• _Task item_
Since only part of the material below is wanted, output exactly the lines from the one with "Auch in der" up to and including the one with "Давайте найдем кинетическую".

• _Extracted records_
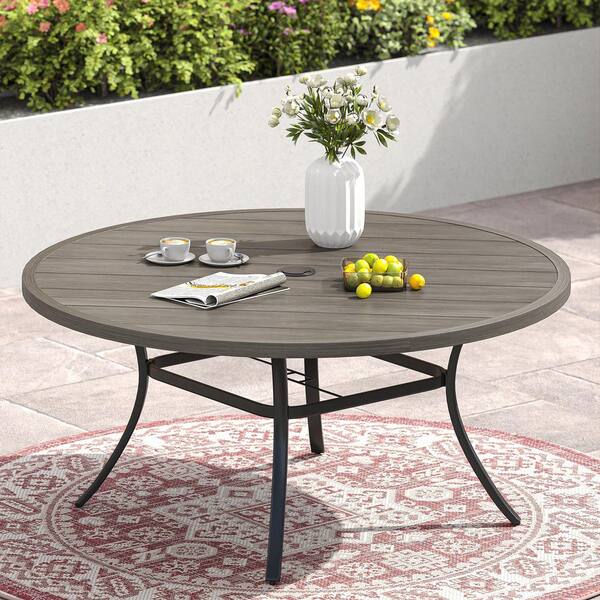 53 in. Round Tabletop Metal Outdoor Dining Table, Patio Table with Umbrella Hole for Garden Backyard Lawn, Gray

==

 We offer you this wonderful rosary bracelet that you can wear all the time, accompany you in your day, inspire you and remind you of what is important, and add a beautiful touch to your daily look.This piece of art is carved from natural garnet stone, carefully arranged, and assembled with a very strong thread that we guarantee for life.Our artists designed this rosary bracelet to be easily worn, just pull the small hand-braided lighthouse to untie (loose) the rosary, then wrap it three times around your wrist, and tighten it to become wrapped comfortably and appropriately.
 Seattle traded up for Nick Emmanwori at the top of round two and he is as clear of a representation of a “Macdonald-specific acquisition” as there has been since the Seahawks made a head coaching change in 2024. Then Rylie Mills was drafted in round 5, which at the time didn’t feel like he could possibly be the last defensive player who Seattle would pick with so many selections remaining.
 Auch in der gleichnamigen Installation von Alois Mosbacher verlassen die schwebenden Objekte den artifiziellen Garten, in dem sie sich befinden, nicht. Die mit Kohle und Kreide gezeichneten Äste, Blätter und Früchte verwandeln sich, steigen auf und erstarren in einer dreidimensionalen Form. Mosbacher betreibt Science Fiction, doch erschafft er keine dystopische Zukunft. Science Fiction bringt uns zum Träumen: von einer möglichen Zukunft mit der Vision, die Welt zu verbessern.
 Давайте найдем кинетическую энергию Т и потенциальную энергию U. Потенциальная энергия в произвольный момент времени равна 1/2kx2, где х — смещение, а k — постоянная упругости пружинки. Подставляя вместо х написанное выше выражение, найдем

...

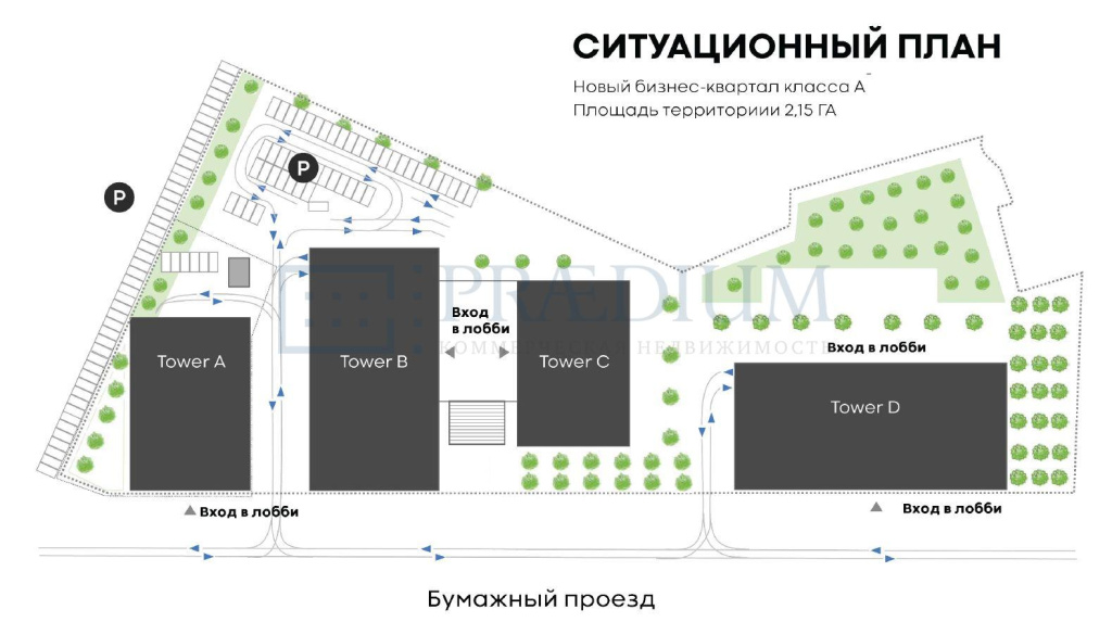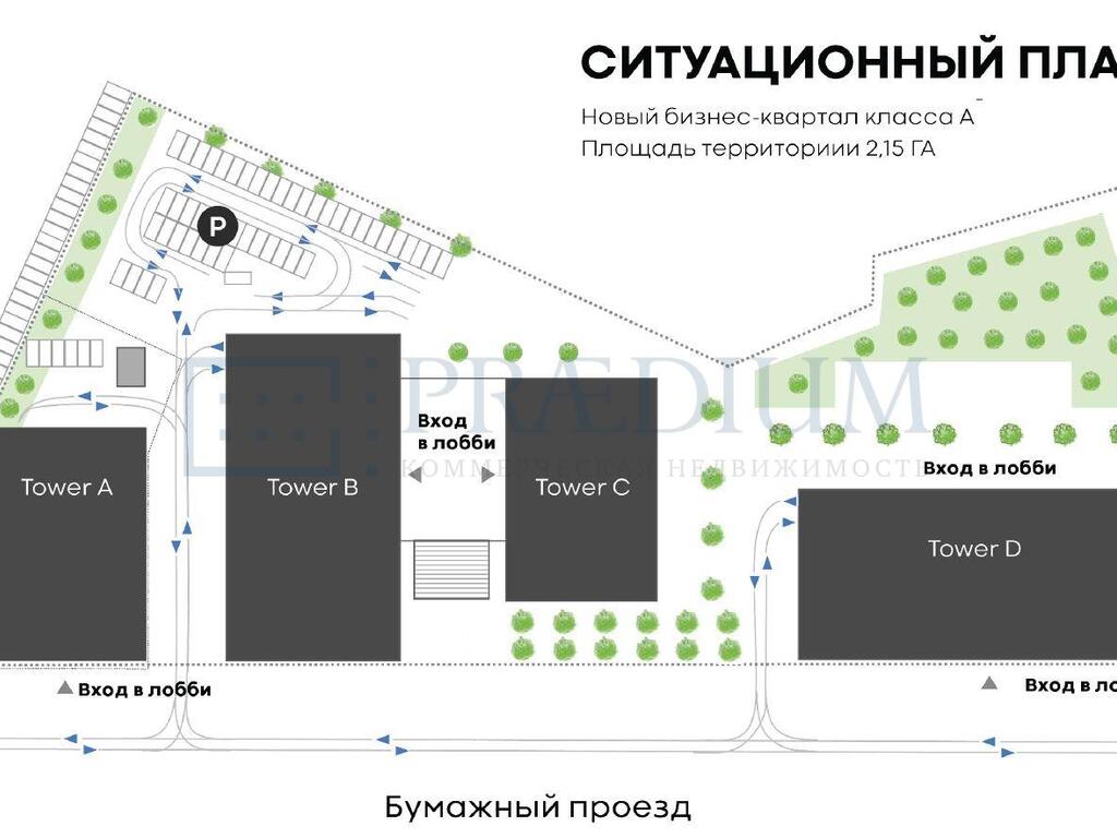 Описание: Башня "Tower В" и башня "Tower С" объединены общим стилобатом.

• _Task result_
 Auch in der gleichnamigen Installation von Alois Mosbacher verlassen die schwebenden Objekte den artifiziellen Garten, in dem sie sich befinden, nicht. Die mit Kohle und Kreide gezeichneten Äste, Blätter und Früchte verwandeln sich, steigen auf und erstarren in einer dreidimensionalen Form. Mosbacher betreibt Science Fiction, doch erschafft er keine dystopische Zukunft. Science Fiction bringt uns zum Träumen: von einer möglichen Zukunft mit der Vision, die Welt zu verbessern.
 Давайте найдем кинетическую энергию Т и потенциальную энергию U. Потенциальная энергия в произвольный момент времени равна 1/2kx2, где х — смещение, а k — постоянная упругости пружинки. Подставляя вместо х написанное выше выражение, найдем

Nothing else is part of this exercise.